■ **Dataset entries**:
=== Begin Enclosure ===
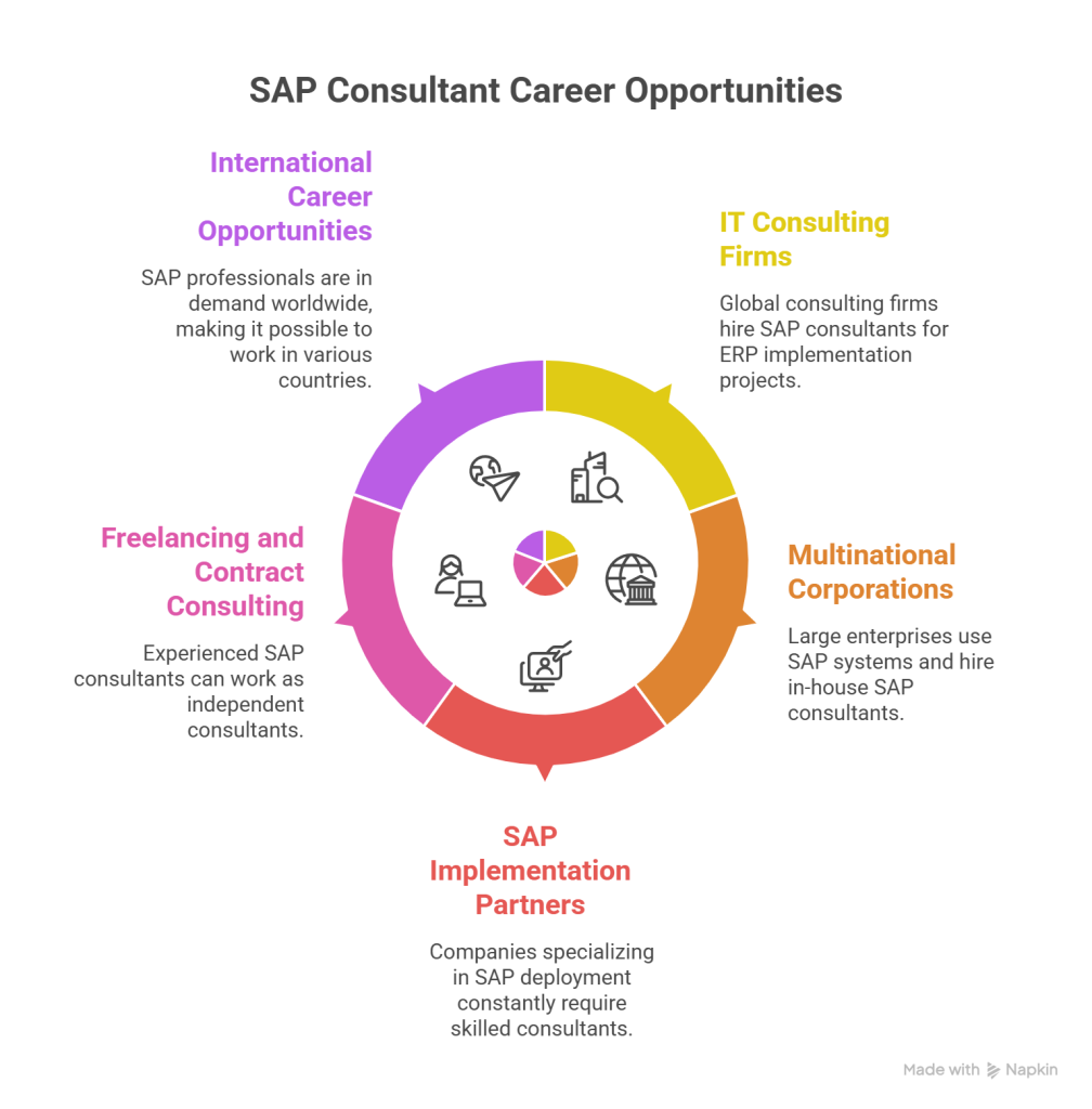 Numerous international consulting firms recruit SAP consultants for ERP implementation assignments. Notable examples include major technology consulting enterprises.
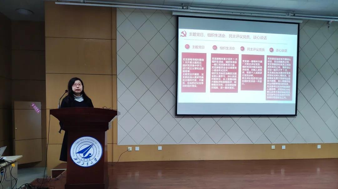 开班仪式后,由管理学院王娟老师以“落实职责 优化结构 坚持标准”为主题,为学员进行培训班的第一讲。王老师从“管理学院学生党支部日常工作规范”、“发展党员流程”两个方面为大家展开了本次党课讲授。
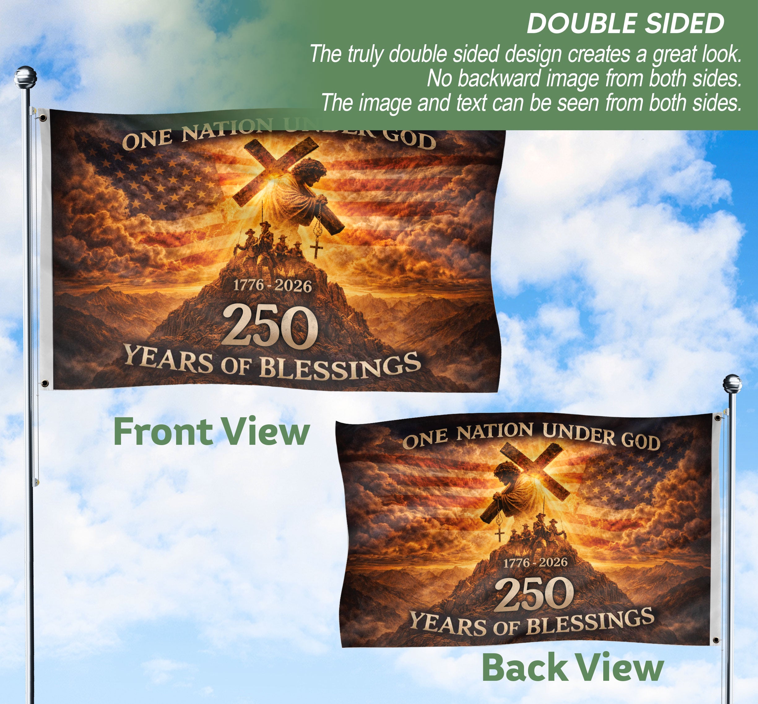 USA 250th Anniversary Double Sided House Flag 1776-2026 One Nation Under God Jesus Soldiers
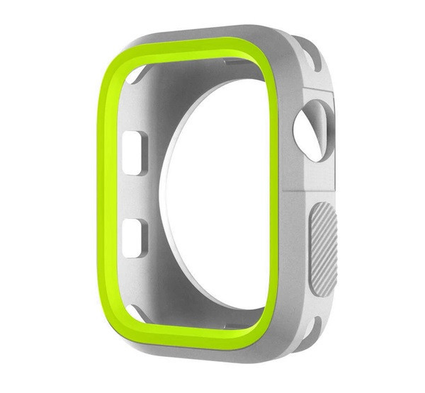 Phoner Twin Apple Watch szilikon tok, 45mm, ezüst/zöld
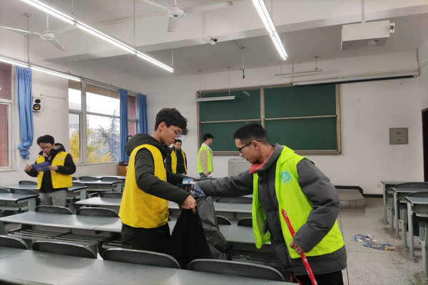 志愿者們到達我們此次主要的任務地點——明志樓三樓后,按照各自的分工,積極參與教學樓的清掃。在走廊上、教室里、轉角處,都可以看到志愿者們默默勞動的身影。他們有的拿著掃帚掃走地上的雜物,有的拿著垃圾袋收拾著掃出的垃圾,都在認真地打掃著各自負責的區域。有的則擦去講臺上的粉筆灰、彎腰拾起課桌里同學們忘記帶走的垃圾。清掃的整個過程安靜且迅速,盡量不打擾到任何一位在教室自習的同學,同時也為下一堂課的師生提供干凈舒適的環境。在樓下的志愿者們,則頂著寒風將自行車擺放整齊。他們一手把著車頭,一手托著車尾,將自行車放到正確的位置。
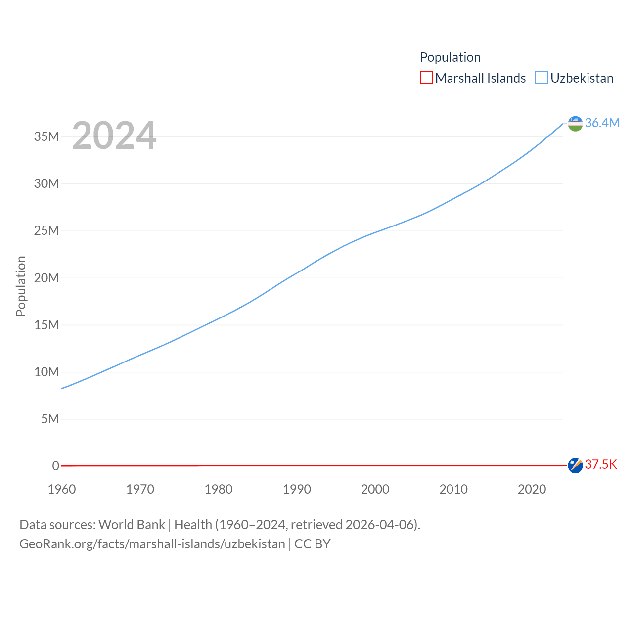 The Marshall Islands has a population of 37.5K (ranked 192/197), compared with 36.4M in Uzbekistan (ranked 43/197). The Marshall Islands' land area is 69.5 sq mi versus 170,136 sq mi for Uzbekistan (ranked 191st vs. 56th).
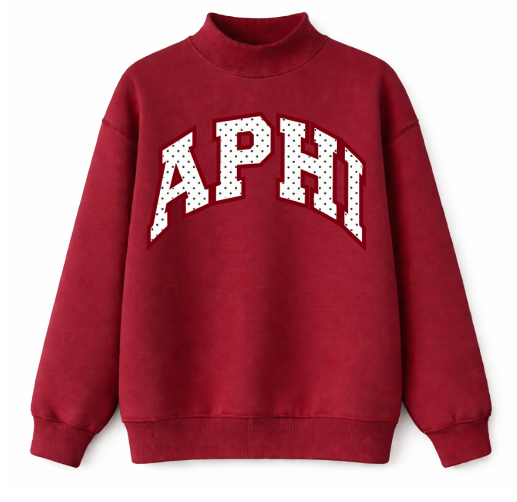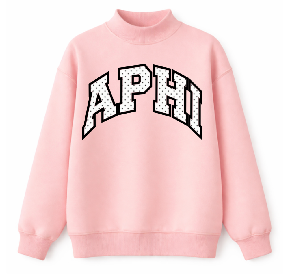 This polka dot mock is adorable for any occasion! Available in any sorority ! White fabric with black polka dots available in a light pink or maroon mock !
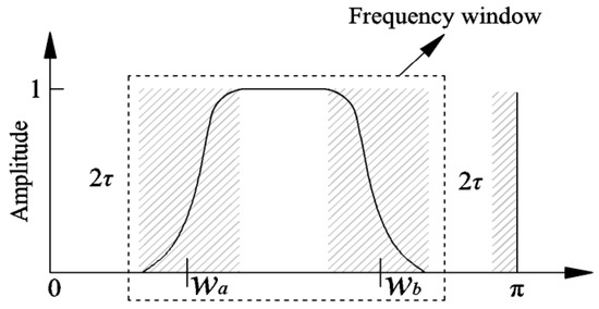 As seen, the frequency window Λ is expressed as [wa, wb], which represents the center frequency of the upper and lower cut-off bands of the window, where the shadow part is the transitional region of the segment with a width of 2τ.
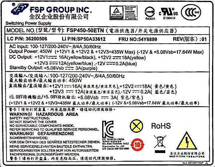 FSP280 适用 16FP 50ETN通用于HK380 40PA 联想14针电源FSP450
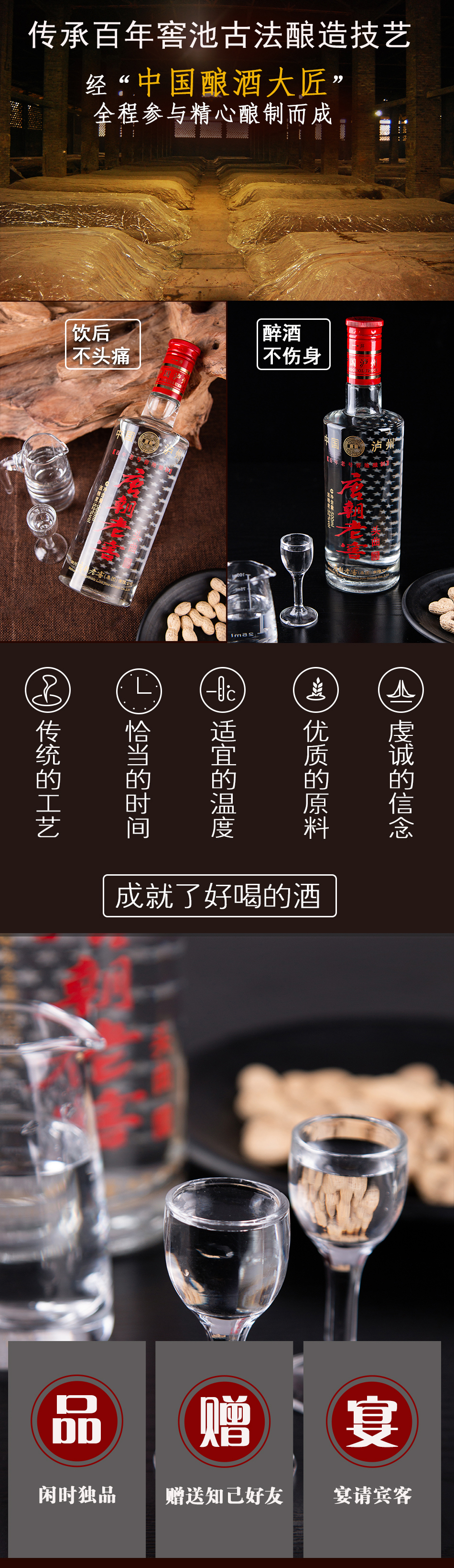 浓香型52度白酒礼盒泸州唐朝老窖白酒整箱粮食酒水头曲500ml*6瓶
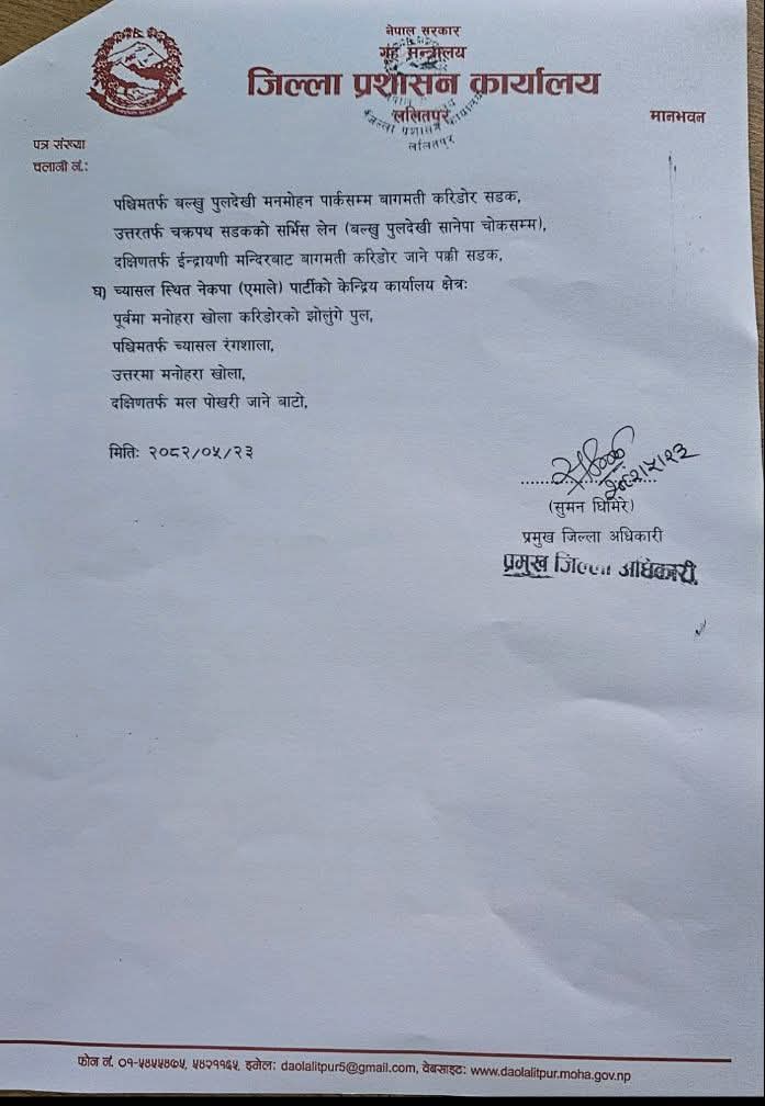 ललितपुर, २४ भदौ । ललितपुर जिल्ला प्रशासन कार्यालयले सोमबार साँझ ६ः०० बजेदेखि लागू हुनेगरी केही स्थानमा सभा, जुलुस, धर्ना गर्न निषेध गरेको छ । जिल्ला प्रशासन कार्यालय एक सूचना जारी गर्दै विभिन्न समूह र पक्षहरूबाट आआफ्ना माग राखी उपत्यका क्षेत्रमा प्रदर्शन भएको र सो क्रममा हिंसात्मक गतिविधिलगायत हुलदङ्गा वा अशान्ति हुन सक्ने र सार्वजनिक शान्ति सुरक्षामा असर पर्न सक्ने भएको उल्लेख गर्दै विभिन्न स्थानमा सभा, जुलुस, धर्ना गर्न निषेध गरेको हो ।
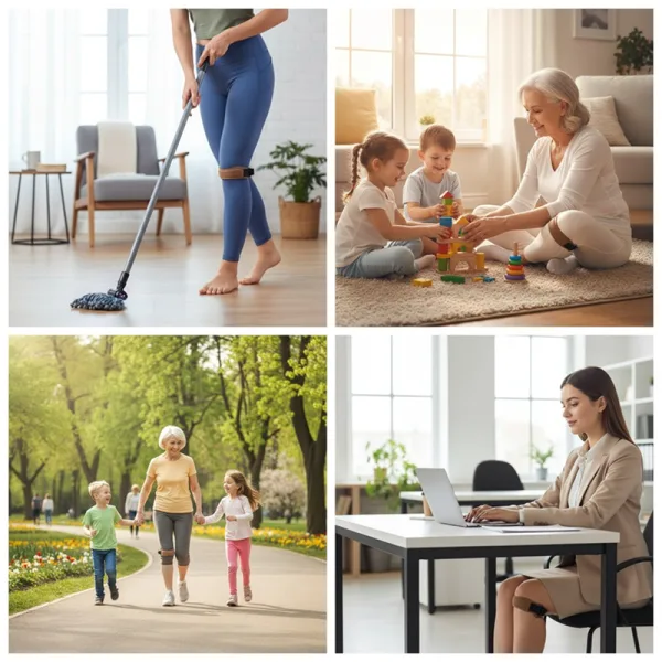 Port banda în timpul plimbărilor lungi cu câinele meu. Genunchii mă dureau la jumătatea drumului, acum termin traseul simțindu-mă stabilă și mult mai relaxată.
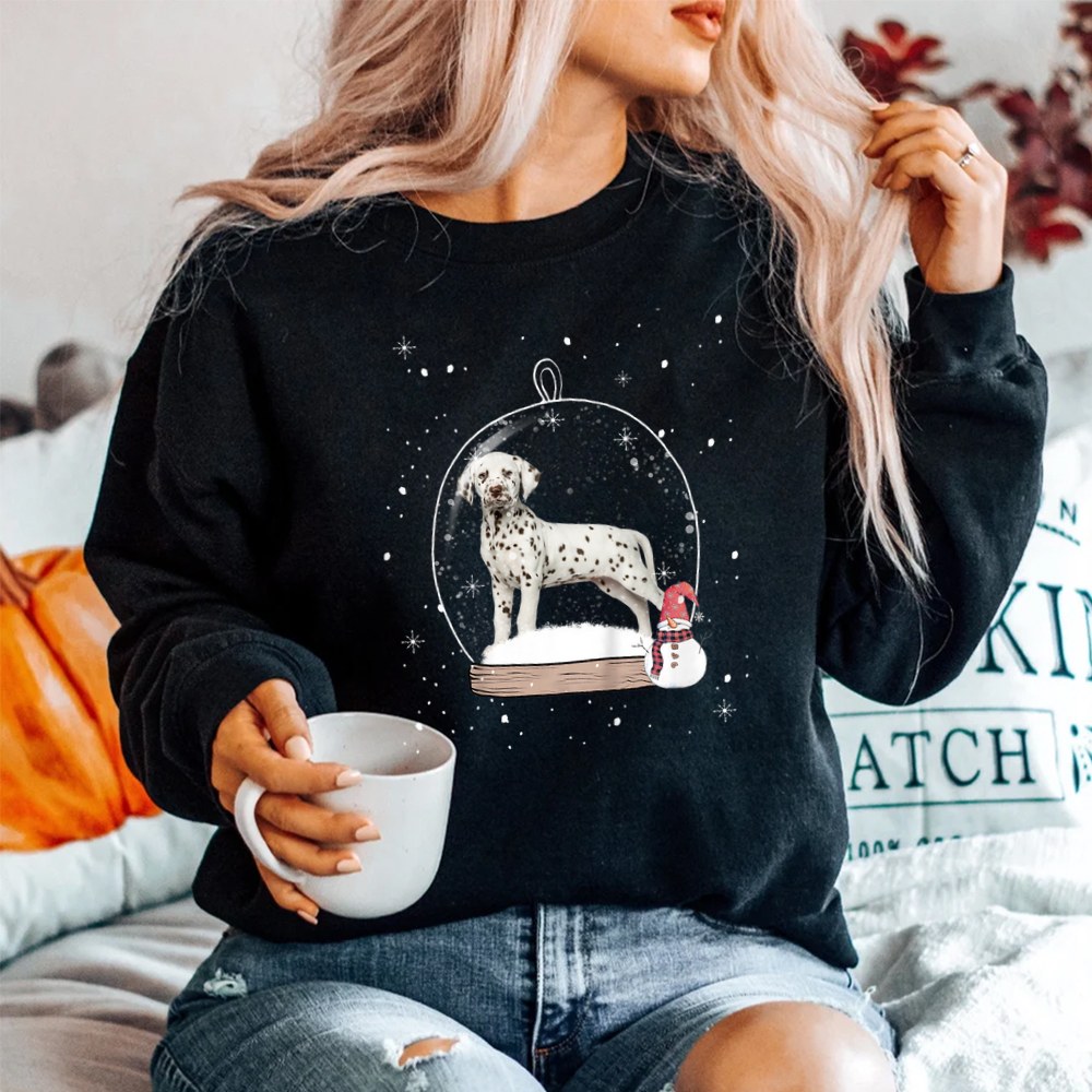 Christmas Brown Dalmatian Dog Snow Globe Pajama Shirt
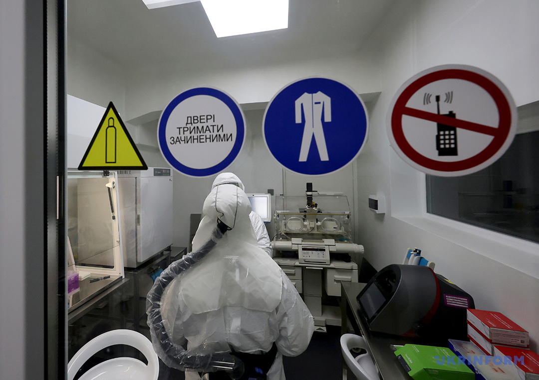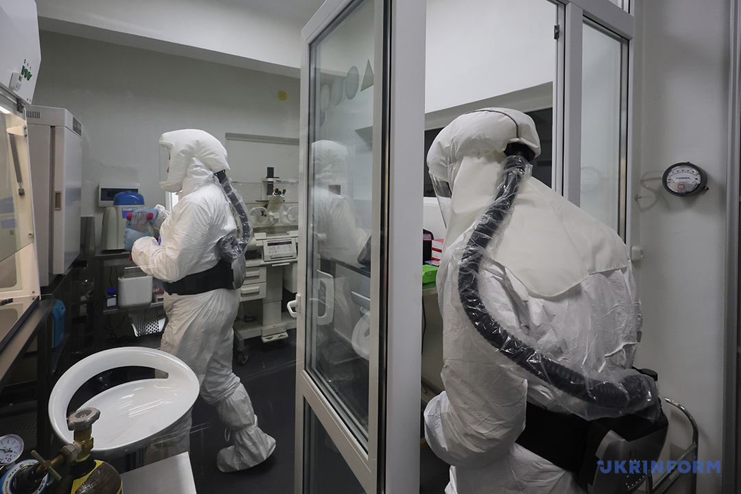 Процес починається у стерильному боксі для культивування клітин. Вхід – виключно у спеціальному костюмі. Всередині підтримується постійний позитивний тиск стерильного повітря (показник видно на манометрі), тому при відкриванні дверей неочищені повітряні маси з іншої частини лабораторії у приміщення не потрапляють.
=== End Enclosure ===
■ **TASK INSTRUCTIONS**: From the first line to the last, reproduce the records above exactly and skip the pictures.

■ **ANSWER TO THIS TASK**:
 Numerous international consulting firms recruit SAP consultants for ERP implementation assignments. Notable examples include major technology consulting enterprises.
 开班仪式后,由管理学院王娟老师以“落实职责 优化结构 坚持标准”为主题,为学员进行培训班的第一讲。王老师从“管理学院学生党支部日常工作规范”、“发展党员流程”两个方面为大家展开了本次党课讲授。
 USA 250th Anniversary Double Sided House Flag 1776-2026 One Nation Under God Jesus Soldiers
 Phoner Twin Apple Watch szilikon tok, 45mm, ezüst/zöld
 志愿者們到達我們此次主要的任務地點——明志樓三樓后,按照各自的分工,積極參與教學樓的清掃。在走廊上、教室里、轉角處,都可以看到志愿者們默默勞動的身影。他們有的拿著掃帚掃走地上的雜物,有的拿著垃圾袋收拾著掃出的垃圾,都在認真地打掃著各自負責的區域。有的則擦去講臺上的粉筆灰、彎腰拾起課桌里同學們忘記帶走的垃圾。清掃的整個過程安靜且迅速,盡量不打擾到任何一位在教室自習的同學,同時也為下一堂課的師生提供干凈舒適的環境。在樓下的志愿者們,則頂著寒風將自行車擺放整齊。他們一手把著車頭,一手托著車尾,將自行車放到正確的位置。
 The Marshall Islands has a population of 37.5K (ranked 192/197), compared with 36.4M in Uzbekistan (ranked 43/197). The Marshall Islands' land area is 69.5 sq mi versus 170,136 sq mi for Uzbekistan (ranked 191st vs. 56th).
 This polka dot mock is adorable for any occasion! Available in any sorority ! White fabric with black polka dots available in a light pink or maroon mock !
 As seen, the frequency window Λ is expressed as [wa, wb], which represents the center frequency of the upper and lower cut-off bands of the window, where the shadow part is the transitional region of the segment with a width of 2τ.
 FSP280 适用 16FP 50ETN通用于HK380 40PA 联想14针电源FSP450
 浓香型52度白酒礼盒泸州唐朝老窖白酒整箱粮食酒水头曲500ml*6瓶
 ललितपुर, २४ भदौ । ललितपुर जिल्ला प्रशासन कार्यालयले सोमबार साँझ ६ः०० बजेदेखि लागू हुनेगरी केही स्थानमा सभा, जुलुस, धर्ना गर्न निषेध गरेको छ । जिल्ला प्रशासन कार्यालय एक सूचना जारी गर्दै विभिन्न समूह र पक्षहरूबाट आआफ्ना माग राखी उपत्यका क्षेत्रमा प्रदर्शन भएको र सो क्रममा हिंसात्मक गतिविधिलगायत हुलदङ्गा वा अशान्ति हुन सक्ने र सार्वजनिक शान्ति सुरक्षामा असर पर्न सक्ने भएको उल्लेख गर्दै विभिन्न स्थानमा सभा, जुलुस, धर्ना गर्न निषेध गरेको हो ।
 Port banda în timpul plimbărilor lungi cu câinele meu. Genunchii mă dureau la jumătatea drumului, acum termin traseul simțindu-mă stabilă și mult mai relaxată.
 Christmas Brown Dalmatian Dog Snow Globe Pajama Shirt
 Процес починається у стерильному боксі для культивування клітин. Вхід – виключно у спеціальному костюмі. Всередині підтримується постійний позитивний тиск стерильного повітря (показник видно на манометрі), тому при відкриванні дверей неочищені повітряні маси з іншої частини лабораторії у приміщення не потрапляють.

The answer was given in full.